Instructions to follow - Should the entries contain pictures, leave them out and return exactly the lines from the first through the line holding "Eine weiche Decke".

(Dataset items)

◆ ◆ ◆ ◆ ◆ ◆ ◆

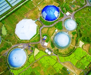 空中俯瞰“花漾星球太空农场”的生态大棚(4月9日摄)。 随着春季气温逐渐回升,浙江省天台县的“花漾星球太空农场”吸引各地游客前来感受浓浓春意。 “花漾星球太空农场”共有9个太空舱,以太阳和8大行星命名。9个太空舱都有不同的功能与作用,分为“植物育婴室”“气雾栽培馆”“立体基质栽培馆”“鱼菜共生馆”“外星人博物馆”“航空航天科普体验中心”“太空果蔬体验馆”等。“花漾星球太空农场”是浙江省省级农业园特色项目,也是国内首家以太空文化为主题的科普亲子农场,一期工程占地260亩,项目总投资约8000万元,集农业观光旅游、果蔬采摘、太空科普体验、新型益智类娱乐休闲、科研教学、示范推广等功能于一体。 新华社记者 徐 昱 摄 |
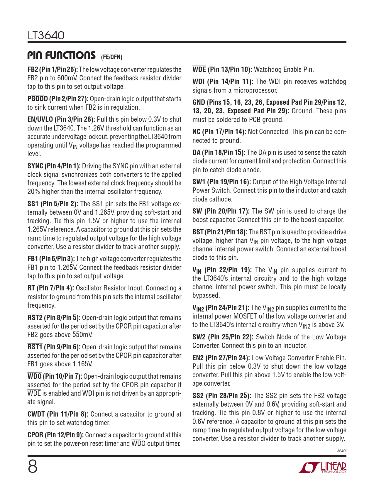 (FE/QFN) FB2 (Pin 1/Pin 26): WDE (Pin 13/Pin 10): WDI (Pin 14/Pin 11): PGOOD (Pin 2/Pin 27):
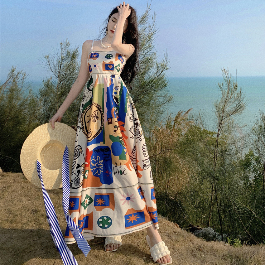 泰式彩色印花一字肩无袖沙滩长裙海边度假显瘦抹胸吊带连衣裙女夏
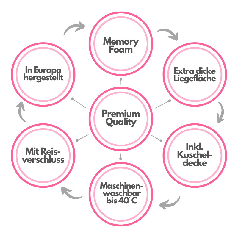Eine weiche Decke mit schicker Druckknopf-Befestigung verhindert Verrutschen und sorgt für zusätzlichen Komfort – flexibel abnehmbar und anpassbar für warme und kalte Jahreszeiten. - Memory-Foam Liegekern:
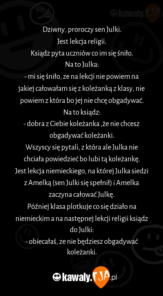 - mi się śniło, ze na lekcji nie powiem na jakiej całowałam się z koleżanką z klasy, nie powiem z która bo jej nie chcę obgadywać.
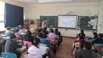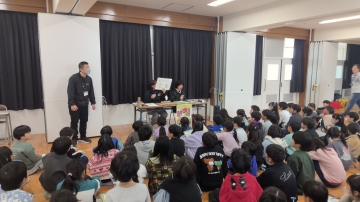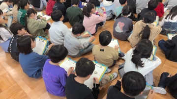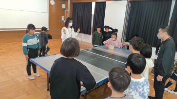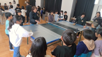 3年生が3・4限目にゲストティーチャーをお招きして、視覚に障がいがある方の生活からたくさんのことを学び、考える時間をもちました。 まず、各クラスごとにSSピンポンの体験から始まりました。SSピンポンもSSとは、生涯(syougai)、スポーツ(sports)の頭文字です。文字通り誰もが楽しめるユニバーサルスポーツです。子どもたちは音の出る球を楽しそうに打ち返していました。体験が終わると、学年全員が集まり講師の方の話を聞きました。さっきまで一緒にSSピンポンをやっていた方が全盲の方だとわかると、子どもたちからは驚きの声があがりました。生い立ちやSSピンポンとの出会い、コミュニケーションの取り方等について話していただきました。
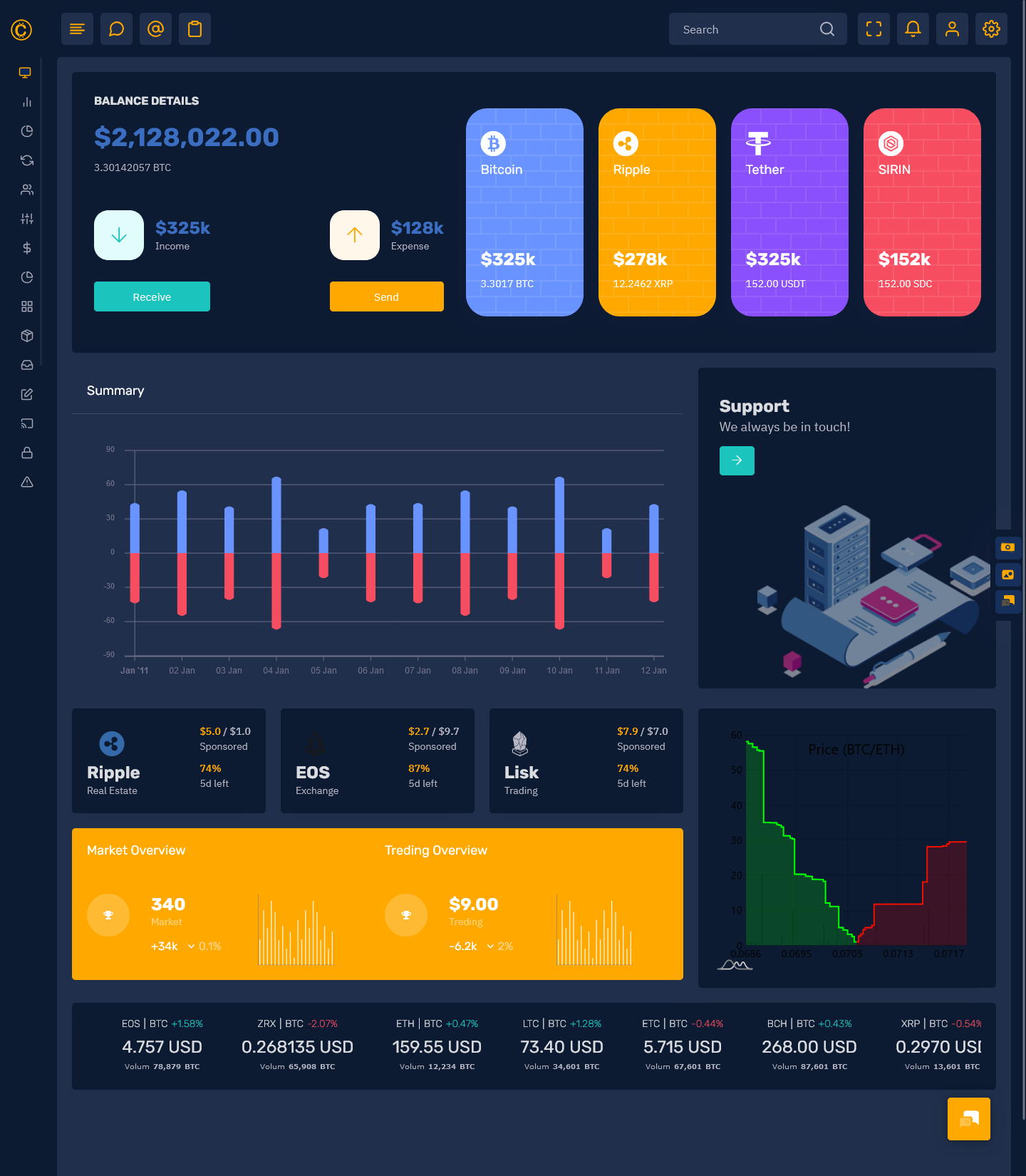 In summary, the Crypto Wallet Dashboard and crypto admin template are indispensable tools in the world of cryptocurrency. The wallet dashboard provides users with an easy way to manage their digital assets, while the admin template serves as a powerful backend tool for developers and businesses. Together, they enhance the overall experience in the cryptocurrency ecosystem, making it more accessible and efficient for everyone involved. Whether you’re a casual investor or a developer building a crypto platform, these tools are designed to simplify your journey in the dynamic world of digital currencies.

◆ ◆ ◆ ◆ ◆ ◆ ◆

Answer to this problem -
 空中俯瞰“花漾星球太空农场”的生态大棚(4月9日摄)。 随着春季气温逐渐回升,浙江省天台县的“花漾星球太空农场”吸引各地游客前来感受浓浓春意。 “花漾星球太空农场”共有9个太空舱,以太阳和8大行星命名。9个太空舱都有不同的功能与作用,分为“植物育婴室”“气雾栽培馆”“立体基质栽培馆”“鱼菜共生馆”“外星人博物馆”“航空航天科普体验中心”“太空果蔬体验馆”等。“花漾星球太空农场”是浙江省省级农业园特色项目,也是国内首家以太空文化为主题的科普亲子农场,一期工程占地260亩,项目总投资约8000万元,集农业观光旅游、果蔬采摘、太空科普体验、新型益智类娱乐休闲、科研教学、示范推广等功能于一体。 新华社记者 徐 昱 摄 |
 (FE/QFN) FB2 (Pin 1/Pin 26): WDE (Pin 13/Pin 10): WDI (Pin 14/Pin 11): PGOOD (Pin 2/Pin 27):
 泰式彩色印花一字肩无袖沙滩长裙海边度假显瘦抹胸吊带连衣裙女夏
Eine weiche Decke mit schicker Druckknopf-Befestigung verhindert Verrutschen und sorgt für zusätzlichen Komfort – flexibel abnehmbar und anpassbar für warme und kalte Jahreszeiten. - Memory-Foam Liegekern:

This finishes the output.